Citation: Kaestner F, Seiler F, Rapp D, Eckert E, Müller J, Metz C, et al. (2020) Exposure of patients to di(2-ethylhexy)phthalate (DEHP) and its metabolite MEHP during extracorporeal membrane oxygenation (ECMO) therapy. PLoS ONE 15(1): e0224931. https://doi.org/10.1371/journal.pone.0224931
Editor: Jaymie Meliker, Stony Brook University, Graduate Program in Public Health, UNITED STATES
Received: August 13, 2019; Accepted: October 24, 2019; Published: January 30, 2020
Copyright: © 2020 Kaestner et al. This is an open access article distributed under the terms of the Creative Commons Attribution License, which permits unrestricted use, distribution, and reproduction in any medium, provided the original author and source are credited.
Data Availability: All relevant data are within the manuscript and its supporting Information files.
Funding: The authors received no specific funding for this work.
Competing interests: FK received travelling fees from Getinge Deutschland GmbH; PML received travelling fees from Getinge Deutschland GmbH, and speaker fees from Mitsubishi Pharma, and CSL Behring. The other authors declared no conflict of interest. This does not alter our adherence to PLOS ONE policies on sharing data and materials.
Introduction
Modules of polyvinylchloride (PVC) are frequently used as components of medical devices [1]. PVC material contains a high share of plasticizers, which are not chemical bound to the PVC itself and can thus easily migrate into contact liquids [1, 2]. For the most prominent plasticizer di(2-ethylhexyl)phthalate (DEHP) a high leachability from medical devices, like blood bags and transfusion lines, into blood has been demonstrated [3, 4, 5]. This may result in a considerable internal exposure of the patients. This is a strong cause of concern, as DEHP is potentially linked with several toxicological effects on humans. In particular, the suspected adverse developmental and reproductive effects of DEHP are a constant matter of concern [6, 7]. Additionally, DEHP in much higher values is classified as a carcinogen for which a non-genotoxic mode of action is predominant [8]. The application of several phthalates is regulated in the European Union and DEHP and several other phthalates are banned for the manufacturing of children's toys [9, 10]. In contrast, a restriction of DEHP use in medical devices does not exist. Nevertheless, the European Scientific Committee on Emerging and Newly-Identified Health Risks recommended a substitution of DEHP for medical devices, whenever possible [11]

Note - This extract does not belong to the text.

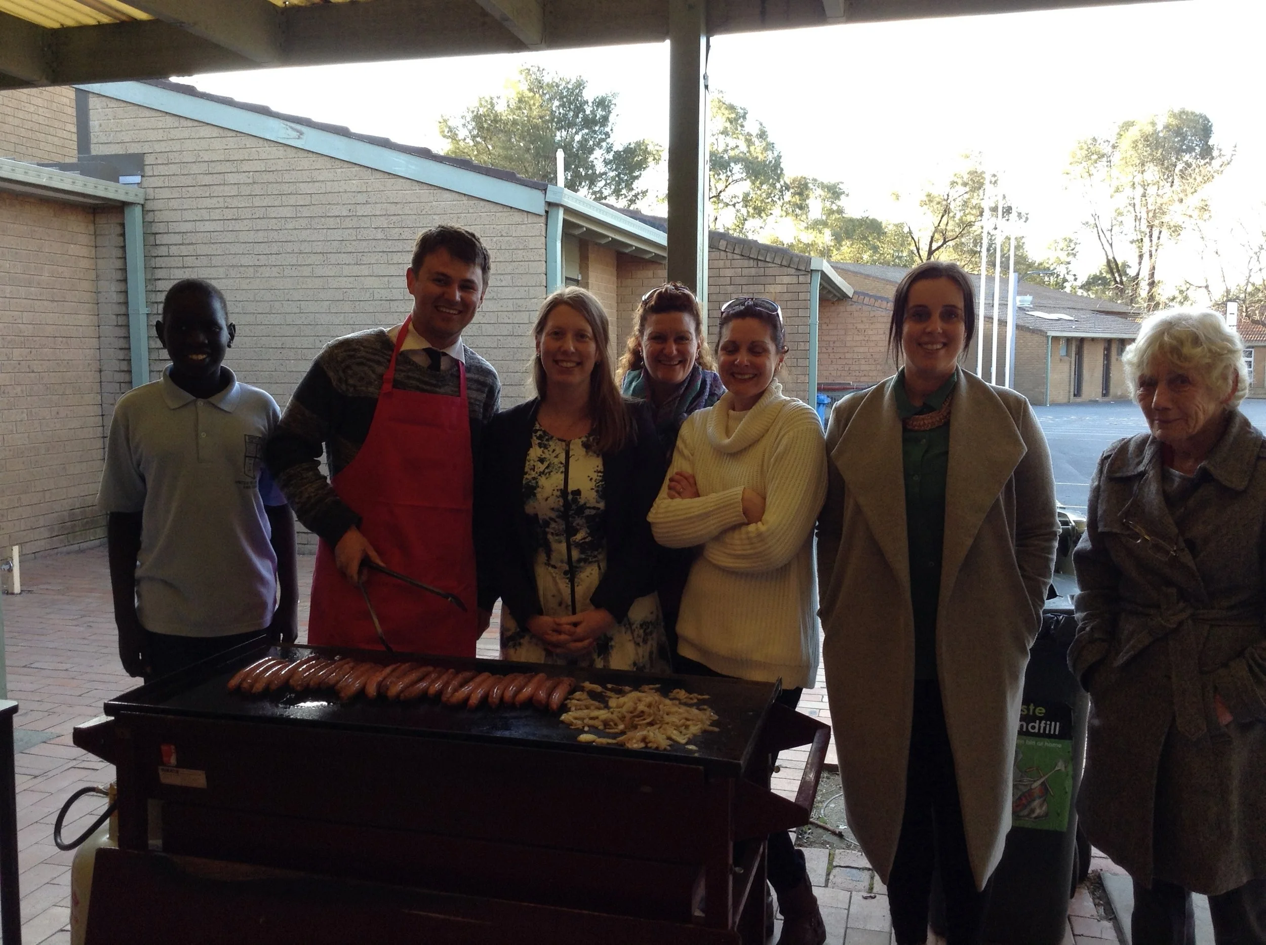 This project would not have been possible without the faithful support of our volunteers and to celebrate we had a sausage sizzle in true Aussie fashion to celebrate the end of term. The sun could have provided more warmth, however the sausages and sauce provided sustenance and a warm sense of community that has developed over the last 6 weeks of this project. Our thanks go to Pat, Bek, Kristy, Leilah, Jack, Anthony, Angela and Matthew for their unwavering support and to a very special boy called Ekol who cheerfully helped and learnt alongside us.

Studies in neonatology reported increased bilirubin levels in patients associated with DEHP exposure from nutrition lines [12]. Elevated bilirubin levels were also observed in patients undergoing extracorporeal membrane oxygenation (ECMO) treatment [13, 14]. Reasons for increasing bilirubin levels in Intensive Care Unit (ICU) patients can be, among others, ischemic, toxic, septic or due to hemolysis [15]. Elevated bilirubin can be a lead for early liver dysfunction which is known for increased morbidity and mortality [16]. Toxic reasons are mostly seen due to medication [17]. Only few studies dealt with the effects of DEHP exposure in ICU patients [18, 19, 20]. Thus, the purpose of this study was the assessment of DEHP and MEHP levels in blood and MEHP metabolites in urine of ECMO patients.
Materials and methods
Study design
For this explorative cross-sectional study, routinely collected data from patients were used who were hospitalised between May 2015 and December 2016 on a pneumology focused intensive care unit (ICU) of the Saarland University Medical Center, Germany. Additionally, blood and urine samples were collected once during ECMO treatment in order to determine the levels of DEHP and its metabolite. Urine samples were only taken of patients with intact urine excretion. In four patients, DEHP levels were additionally determined prior to the initiation of ECMO and also once during the course of treatment (seven days after the start of ECMO treatment) in order to perform a descriptive pre-post analysis. Verbal informed consent was obtained from participants or legal representatives; no minors were included in the study. The study was approved by the ethics committee of the Medical Association of the Federal State of Saarland (Ärztekammer des Saarlandes). Data were shared and explored in accordance with patient consent.
Study population
The study collective included 17 patients receiving ECMO treatment, of which seven were female and ten were male. 13 patients died during ECMO treatment. The age of the patients ranged from 20 to 72 years (median 51 years).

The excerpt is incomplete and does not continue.